Living with cancer
I finally have just one chemotherapy treatment left and I finally have decided to speak out on my situation. Receiving a breast cancer diagnosis and understanding it took time. It also was not easy to accept and I felt stigmatized, not only due to my internal medical conditions but because of what I would have to go through such as losing my hair. Moreover, I have to take unfamiliar treatments and strange medications that cause unbelievable side effects, this made me afraid of what I had to face and waiting for symptoms and then having to take other medications to deal with side effects. Though breast cancer is not death sentence anymore, and cancer itself does not cause hair loss, chemotherapy causes hair loss. I also felt that people felt different around me when they find out I had breast cancer and am having chemotherapy. I hated it, I am not suffering, am not a victim, and am not so unfortunate that I cannot use this opportunity to think about what the meaning of my life is. I am a graduate student and have a full time job so my schedule was busy before the diagnosis. Since I found out about my breast cancer, my life has been very different and I have had to make many changes. I’ve taken a year off from school and had to take many days off from work. However every time I go to the hospital, I learn something new about cancer such as medical words, specific activities, professional procedures and treatments that I did not know anything about before. I also have to see a number of different doctors due to the different treatments I am in the process of receiving. Though I still have lots of hope, I am also afraid about what is going to happen in the future.
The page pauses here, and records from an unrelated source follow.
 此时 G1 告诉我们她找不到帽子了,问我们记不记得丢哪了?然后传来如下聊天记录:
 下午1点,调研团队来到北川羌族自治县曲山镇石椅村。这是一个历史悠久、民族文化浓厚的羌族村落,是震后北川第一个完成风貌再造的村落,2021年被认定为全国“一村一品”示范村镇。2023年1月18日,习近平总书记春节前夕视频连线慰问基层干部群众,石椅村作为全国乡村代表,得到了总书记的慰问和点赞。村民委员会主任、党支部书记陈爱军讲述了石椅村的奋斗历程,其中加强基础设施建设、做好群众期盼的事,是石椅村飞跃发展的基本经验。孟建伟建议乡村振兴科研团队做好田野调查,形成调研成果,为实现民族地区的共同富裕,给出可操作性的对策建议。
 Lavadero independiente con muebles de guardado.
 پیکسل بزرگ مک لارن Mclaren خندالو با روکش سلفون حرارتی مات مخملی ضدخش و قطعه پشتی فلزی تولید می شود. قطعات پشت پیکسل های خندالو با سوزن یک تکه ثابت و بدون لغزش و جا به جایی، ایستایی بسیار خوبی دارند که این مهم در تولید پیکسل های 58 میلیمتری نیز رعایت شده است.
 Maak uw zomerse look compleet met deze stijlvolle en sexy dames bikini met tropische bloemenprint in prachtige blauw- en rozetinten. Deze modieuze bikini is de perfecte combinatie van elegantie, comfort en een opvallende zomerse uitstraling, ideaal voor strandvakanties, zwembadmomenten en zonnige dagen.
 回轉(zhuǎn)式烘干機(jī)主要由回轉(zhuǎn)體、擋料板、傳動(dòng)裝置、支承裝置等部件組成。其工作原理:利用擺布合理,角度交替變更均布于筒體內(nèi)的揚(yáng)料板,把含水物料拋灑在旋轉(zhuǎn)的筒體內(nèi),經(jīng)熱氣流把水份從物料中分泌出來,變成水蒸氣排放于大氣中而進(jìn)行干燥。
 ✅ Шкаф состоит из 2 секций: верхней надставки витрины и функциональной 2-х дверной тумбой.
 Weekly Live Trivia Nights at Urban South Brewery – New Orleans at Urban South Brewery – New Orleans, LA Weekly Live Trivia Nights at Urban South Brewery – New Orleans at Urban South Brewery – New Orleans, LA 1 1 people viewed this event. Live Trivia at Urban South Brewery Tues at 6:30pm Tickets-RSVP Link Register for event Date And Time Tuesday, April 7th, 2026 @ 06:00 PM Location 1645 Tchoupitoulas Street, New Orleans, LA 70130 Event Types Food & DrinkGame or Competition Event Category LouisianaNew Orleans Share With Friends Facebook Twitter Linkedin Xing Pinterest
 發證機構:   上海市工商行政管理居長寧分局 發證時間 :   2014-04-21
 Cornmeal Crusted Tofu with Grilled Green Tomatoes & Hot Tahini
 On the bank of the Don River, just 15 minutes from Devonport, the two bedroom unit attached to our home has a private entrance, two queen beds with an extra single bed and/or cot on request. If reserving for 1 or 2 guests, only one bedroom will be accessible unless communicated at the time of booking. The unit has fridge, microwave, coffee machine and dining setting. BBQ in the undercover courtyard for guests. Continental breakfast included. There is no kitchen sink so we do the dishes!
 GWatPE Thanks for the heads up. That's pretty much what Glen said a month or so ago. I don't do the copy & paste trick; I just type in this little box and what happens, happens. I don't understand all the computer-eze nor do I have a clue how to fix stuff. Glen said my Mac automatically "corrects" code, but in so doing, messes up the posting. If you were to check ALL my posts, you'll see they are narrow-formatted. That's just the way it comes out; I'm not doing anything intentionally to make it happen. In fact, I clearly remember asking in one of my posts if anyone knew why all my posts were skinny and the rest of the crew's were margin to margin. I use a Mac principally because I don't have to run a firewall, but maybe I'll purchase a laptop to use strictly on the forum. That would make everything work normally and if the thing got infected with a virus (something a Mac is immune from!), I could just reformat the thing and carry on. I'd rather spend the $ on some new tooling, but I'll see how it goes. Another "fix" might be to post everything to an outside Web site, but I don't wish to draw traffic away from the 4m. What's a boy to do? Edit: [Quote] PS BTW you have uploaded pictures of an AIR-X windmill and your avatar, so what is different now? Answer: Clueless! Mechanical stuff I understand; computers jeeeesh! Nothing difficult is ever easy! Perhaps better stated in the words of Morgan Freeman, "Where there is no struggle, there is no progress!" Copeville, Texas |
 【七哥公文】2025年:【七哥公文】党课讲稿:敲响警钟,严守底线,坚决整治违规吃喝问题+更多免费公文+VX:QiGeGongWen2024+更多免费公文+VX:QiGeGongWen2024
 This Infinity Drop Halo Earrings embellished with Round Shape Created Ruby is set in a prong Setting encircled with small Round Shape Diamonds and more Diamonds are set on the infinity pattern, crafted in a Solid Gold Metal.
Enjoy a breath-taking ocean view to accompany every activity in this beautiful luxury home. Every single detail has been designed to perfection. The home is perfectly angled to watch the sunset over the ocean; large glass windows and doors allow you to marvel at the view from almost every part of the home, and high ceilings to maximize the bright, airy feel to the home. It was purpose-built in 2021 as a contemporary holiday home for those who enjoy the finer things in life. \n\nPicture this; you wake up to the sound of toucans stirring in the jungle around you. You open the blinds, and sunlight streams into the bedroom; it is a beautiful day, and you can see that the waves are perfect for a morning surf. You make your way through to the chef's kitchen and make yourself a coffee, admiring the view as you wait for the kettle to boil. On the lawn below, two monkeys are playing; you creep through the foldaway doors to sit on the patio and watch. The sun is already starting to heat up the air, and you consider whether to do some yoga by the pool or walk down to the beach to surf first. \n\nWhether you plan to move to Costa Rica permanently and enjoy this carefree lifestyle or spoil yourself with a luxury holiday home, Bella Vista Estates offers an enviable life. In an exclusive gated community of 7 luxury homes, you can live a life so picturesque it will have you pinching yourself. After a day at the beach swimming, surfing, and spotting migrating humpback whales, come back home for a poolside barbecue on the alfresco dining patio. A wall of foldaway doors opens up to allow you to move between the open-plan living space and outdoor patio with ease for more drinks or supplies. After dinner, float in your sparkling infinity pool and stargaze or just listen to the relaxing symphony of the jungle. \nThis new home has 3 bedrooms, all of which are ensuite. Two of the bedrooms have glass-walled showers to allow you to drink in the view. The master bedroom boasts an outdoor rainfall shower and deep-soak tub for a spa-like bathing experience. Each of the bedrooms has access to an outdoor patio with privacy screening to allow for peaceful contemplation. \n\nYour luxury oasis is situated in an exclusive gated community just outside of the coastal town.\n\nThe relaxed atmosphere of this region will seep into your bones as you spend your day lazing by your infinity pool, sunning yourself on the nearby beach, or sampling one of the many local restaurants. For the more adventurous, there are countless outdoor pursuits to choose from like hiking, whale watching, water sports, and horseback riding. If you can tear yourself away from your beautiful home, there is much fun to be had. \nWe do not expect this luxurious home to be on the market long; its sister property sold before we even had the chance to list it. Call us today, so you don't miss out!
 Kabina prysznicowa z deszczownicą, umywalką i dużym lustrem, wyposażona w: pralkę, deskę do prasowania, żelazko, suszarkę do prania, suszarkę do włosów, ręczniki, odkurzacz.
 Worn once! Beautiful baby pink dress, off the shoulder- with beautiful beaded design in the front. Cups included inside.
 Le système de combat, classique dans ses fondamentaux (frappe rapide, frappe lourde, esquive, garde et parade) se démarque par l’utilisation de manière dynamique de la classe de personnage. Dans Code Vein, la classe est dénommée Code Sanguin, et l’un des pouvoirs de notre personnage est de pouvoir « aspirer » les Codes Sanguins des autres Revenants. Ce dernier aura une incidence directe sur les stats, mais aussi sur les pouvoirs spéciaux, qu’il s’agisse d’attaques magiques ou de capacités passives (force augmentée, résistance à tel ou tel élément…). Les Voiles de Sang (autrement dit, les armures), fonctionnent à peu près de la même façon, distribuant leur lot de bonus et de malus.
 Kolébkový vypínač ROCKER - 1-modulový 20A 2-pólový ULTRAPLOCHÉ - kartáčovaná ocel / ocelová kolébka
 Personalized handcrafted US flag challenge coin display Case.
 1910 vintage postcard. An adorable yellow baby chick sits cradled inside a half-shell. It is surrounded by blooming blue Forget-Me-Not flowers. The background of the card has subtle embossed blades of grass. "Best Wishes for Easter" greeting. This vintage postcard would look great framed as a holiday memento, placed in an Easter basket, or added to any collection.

My treatments take place at cancer centers. These places are usually very busy, with patients sitting down quietly having their particular treatments with others waiting to have examinations or results. There are many different people there for treatment, but I guess our goals of defeating cancer are the same.
Before my surgery, I had many examinations such as mammograms, biopsies, blood examinations, genetics examinations and so on. When I went to the hospital I never left before getting at least two or more shots specifically on my right arm. It became a daily routine after a while. One day the nurse could not find where to give shots on my arm because of all the other needle marks, I'd had that many in such a short period of time that it was hard for her to find a good spot.
My longest mammogram took almost two hours, my longest biopsy took almost three hours and ultrasounds seemed to take forever. I wished the mammography machine was a kind of massage machine, then I wouldn’t have minded how long it took. I also wish the biopsy could be like acupuncture, it would be much more enjoyable. The ultrasound machine could be the same one used when women having babies have their stomachs checked, that would have been much more exciting... but reality was different from my hopes and imagination, those treatments were torturous and, even worse, just the beginning of my treatment and I felt hopeless much of the time.
I started hating to have to go to the Union Square area since before I associated it with young people that like to hang out, but because my hospital is there I started to feel different about that place. My feelings there were now of memories of my surgery, painful treatments, dizziness, medication, complicated examinations and also having the awful experience of being hospitalized. I thought that this is some kind of punishment, maybe I had done something wrong or was mean to people or my friends, maybe I gave them a hard time or did something wrong to myself. If it is true, I would definitely accept and take care of them......
Even though I am having hard time I try not to cry because my mother always told me that “even when you have a hard time, you should not cry. If you have the time to cry, you should face your problems and think about what you can do instead". I am going to fight against my illness. My mother was also diagnosed with cancer a little while before me and is undergoing chemotherapy treatments at the same time as I am. We have something unusual in common but this has helped us to start talking to each other about being cancer patients. I told her "I won't give up if you won't" and we have promised to each other not to give up and to get though it. This is our hope.
I thought for a long time that my condition was a punishment, but I feel different now. I've come to the conclusion that this is a gift because I have had important experiences and thoughts and have great support from my husband B, my dog G, my family members, and special doctors. This situation has given me a chance to look back on what I have done and what I should do in the future. Also, I have seen people who have brave hearts no matter their age, gender or nationality, and am truly impressed by them. These people made me realize I need to be strong like my mother who also always offers her support to me and being like her is my goal.
When my last chemotherapy session is over, I am scheduled to have radiation therapy and will also be on hormone therapy for five years. It is kind of a long journey. I still a lot of hope and am not afraid of anything anymore. It is my promise to my Mom and my supporters. Moreover, I want to make all my friends aware of the importance of see their doctor regularly for checkups. The best cancer treatment is the preventative kind.